### INPUT DATA

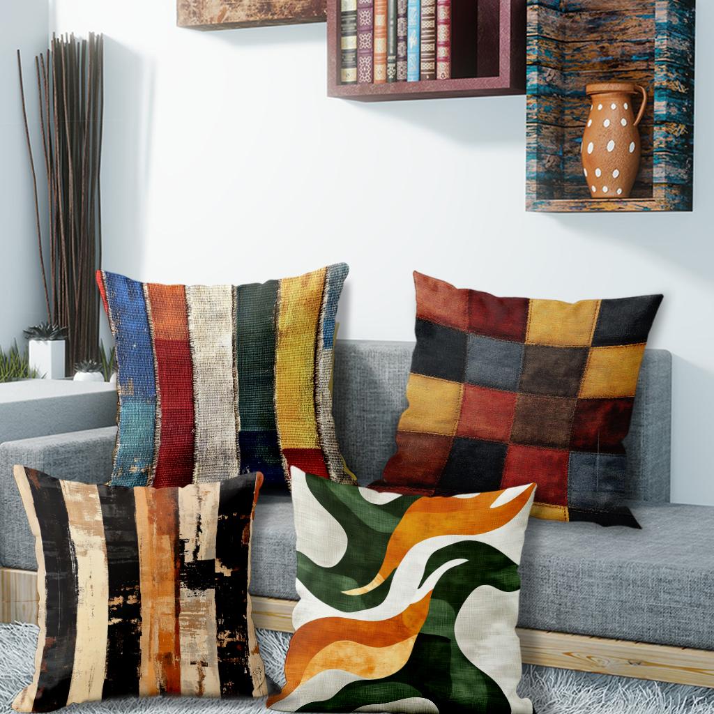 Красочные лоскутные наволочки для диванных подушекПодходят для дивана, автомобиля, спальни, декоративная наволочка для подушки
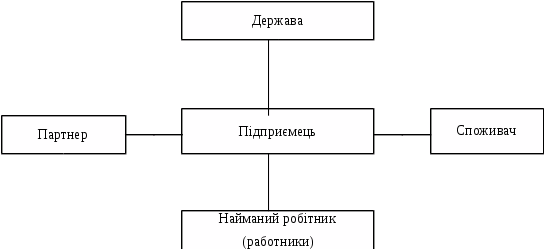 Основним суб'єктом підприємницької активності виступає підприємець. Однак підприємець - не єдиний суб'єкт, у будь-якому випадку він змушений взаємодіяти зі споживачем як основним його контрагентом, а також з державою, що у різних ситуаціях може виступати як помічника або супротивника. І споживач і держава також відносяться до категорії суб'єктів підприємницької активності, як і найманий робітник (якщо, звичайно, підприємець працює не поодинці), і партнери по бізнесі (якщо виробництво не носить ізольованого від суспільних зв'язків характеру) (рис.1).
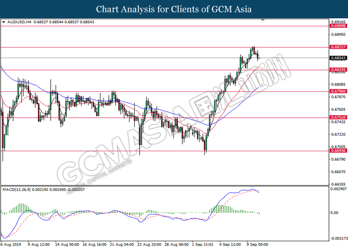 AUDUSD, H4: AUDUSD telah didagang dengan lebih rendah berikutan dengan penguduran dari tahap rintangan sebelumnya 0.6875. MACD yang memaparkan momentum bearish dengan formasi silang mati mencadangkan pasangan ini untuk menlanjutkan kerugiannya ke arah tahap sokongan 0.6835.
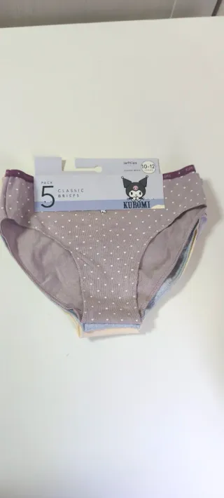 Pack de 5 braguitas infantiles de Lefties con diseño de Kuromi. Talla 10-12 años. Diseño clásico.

######

EXERCISE PROMPT:
Retype only the lines above from the one with "Основним суб'єктом підприємницької" through the last, both ends included, keeping every picture out of the copy.

RESULT OF THE TASK:
 Основним суб'єктом підприємницької активності виступає підприємець. Однак підприємець - не єдиний суб'єкт, у будь-якому випадку він змушений взаємодіяти зі споживачем як основним його контрагентом, а також з державою, що у різних ситуаціях може виступати як помічника або супротивника. І споживач і держава також відносяться до категорії суб'єктів підприємницької активності, як і найманий робітник (якщо, звичайно, підприємець працює не поодинці), і партнери по бізнесі (якщо виробництво не носить ізольованого від суспільних зв'язків характеру) (рис.1).
 AUDUSD, H4: AUDUSD telah didagang dengan lebih rendah berikutan dengan penguduran dari tahap rintangan sebelumnya 0.6875. MACD yang memaparkan momentum bearish dengan formasi silang mati mencadangkan pasangan ini untuk menlanjutkan kerugiannya ke arah tahap sokongan 0.6835.
 Pack de 5 braguitas infantiles de Lefties con diseño de Kuromi. Talla 10-12 años. Diseño clásico.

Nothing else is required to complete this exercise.